For additional reading that presents a slightly more critical view of today’s book review subject, I recommend John Lanchester’s review of Nick Davies’ Flat Earth News in the 6 March 2008 edition of the London Review of Books (no subscription required).

Obscure Scribblers: A History of Parliamentary Journalism by Andrew Sparrow

Dr Samuel Johnson did it, and towards the end of his life he expressed regret, remorse, and some embarrassment that he had ever tried it in the first place. A little less than a century later, Charles Dickens started to do it, too, and according to his contemporaries he had a very real talent for it.

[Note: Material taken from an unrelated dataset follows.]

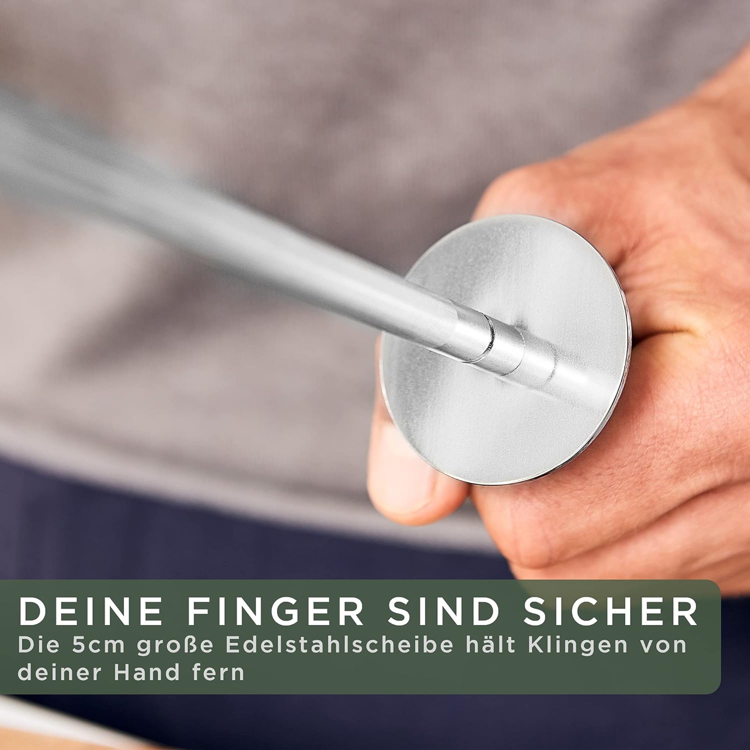 Extra grote vingerbescherming: het belangrijkste bij het slijpen van messen is dat je je niet verwondt. Daarom hebben wij een extra grote vingerbescherming ontwikkeld die je hele hand beschermt.

Governments have tried to ban it, or restrict it with tough legislation and harsh criticism of its practices, but as public opinion has become more permissive and social standards are less strictly upheld, its most ardent practitioners are getting away with a lot more than they would have been able to dream of even a generation ago.

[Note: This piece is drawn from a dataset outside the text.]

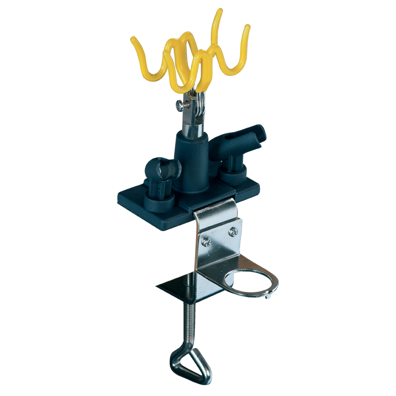 Support de banc pour stylo aérographe. Conçu pour maintenir l'aérographe à l'horizontale lorsqu'il n'est pas utilisé. Comprend un support d'établi.

The ‘it’ in question, of course, is parliamentary journalism.

Andrew Sparrow is a political correspondent with the Daily Telegraph, and in Obscure Scribblers he has compiled a compact history of political journalism in Britain, from illicitly printed political pamphlets distributed in the days of Oliver Cromwell to the spin doctors and breaking-news approach of the modern newsroom. The book’s title comes from an epithet used by Sir William Meredith, a baronet who sat in Parliament in the mid-1700s. Sir William denounced the ambitious young men who would fight to claim a seat in the public galleries and dash off reports of parliamentary proceedings for the various newspapers and gazettes that were published in London. He claimed that popular reporting of parliamentary debates would sully the quality of debate and lead to inaccurate and contradictory reporting on the substance of the issues being discussed. As Sparrow’s book clearly shows, mutual hostilities between politicians and the press are certainly nothing new — even three centuries ago, MPs and peers seemed to either moan about how the reporters make too much of every trivial thing that happens in Westminster or sulk about how their stunning speeches and thrilling debates are being ignored by the press. Yet the journalists themselves do not always come away from Sparrow’s history covered in glory; the practices of parliamentary journalism, particularly with regard to ‘off the record’ or ‘lobby’ briefings, are often as restrictive, insular, and narrow-minded as those of the politicians who are put on the spot. Unsurprisingly, the ‘obscure scribbers’ who have clawed their way into Westminster are very jealous of their proximity to the people in power. (To take just one example, not all of the protests against the radio broadcasting and later televising of Parliament have come from the politicians.) But as journalism as a profession continues to evolve, political reporting will evolve with it, and traditions that have worked well enough in the past may not be so applicable even in the near future.

The main strength of Obscure Scribblers comes from the fact that Sparrow keeps closely to his subject and resists the temptation to try to broaden his scope too greatly. In some ways, this strength contributes to the book’s only real weakness, in that the reader would definitely benefit from some prior knowledge of modern political history to better understand the importance of some of the less well-known historical incidents Sparrow mentions. The book could be a little longer in some respects, but the pace and tone seldom slacken and the writing, if a little dry, is far from dull. There are plenty of amusing anecdotes, the history writing is solid without ending up bogged down in petty details, and Alastair Campbell gets a thorough kicking by the end of it. Few bad things can be said about that.